By winning, the reality is Edwards’ season really doesn’t matter now until the fall when the playoffs begin. Assured a spot in the Chase for the Sprint Cup, the No. 19 team can compete with minimal pressure for the remaining 14 regular season races.
“Now we can go race and have fun,” Edwards said. “I’m excited for this weekend now more than I was because I know I can be more aggressive on the restarts, I can run the car looser and I can take chances. We can swing for the fences.
“In this sport not having a win and not being locked into the Chase, you cannot drive like that because there is too much to lose. This is a big opportunity for us.
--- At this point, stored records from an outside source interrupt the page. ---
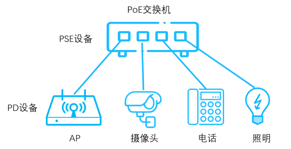 常见的 PoE 设备类型根据功能不同,PoE 设备可分为供电设备(PSE)和受电设备(PD)两大类:
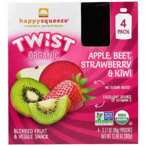 Nurture Inc. (Happy Baby), Happy Squeeze, Superalimento Orgânico, Twist, Maçã Orgânica, Beterraba, Morango e Kiwi, 4 bolsas, 90 g cada
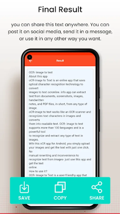 After this text scanner app turns your image into text, you can share this text anywhere. You can post it on social media, send it in a message, or use it in any other way you want. This feature makes it easy to share information from images with others.

We can just go race now and don’t have to worry about points or anything like that.”
What the Charlotte victory also does is provide a cushion for Edwards to continue getting acclimated to his new surroundings, while his team further develops cohesion. It’s a blueprint Harvick used en route to his first title last season.
Having joined a startup team, the defending champion endured some tough moments, often punctuated by potential victories that alluded him due to mechanical failures. However, because Harvick did win early, the pressure to perform was off and he had ample time to prepare for the playoffs.
“My mission is to win the championship this year and I’m very aware that win puts us one giant step closer to that,” Edwards said. “Over the next few months we can get really good at being a team and being the best we can be. And that stuff is hard to learn under pressure. Now we have a big opportunity to step it up.”
That’s the championship formula in modern NASCAR: win by any means necessary to earn a Chase bid. Edwards did just that Sunday, meaning his main objective, a championship, is still clearly attainable.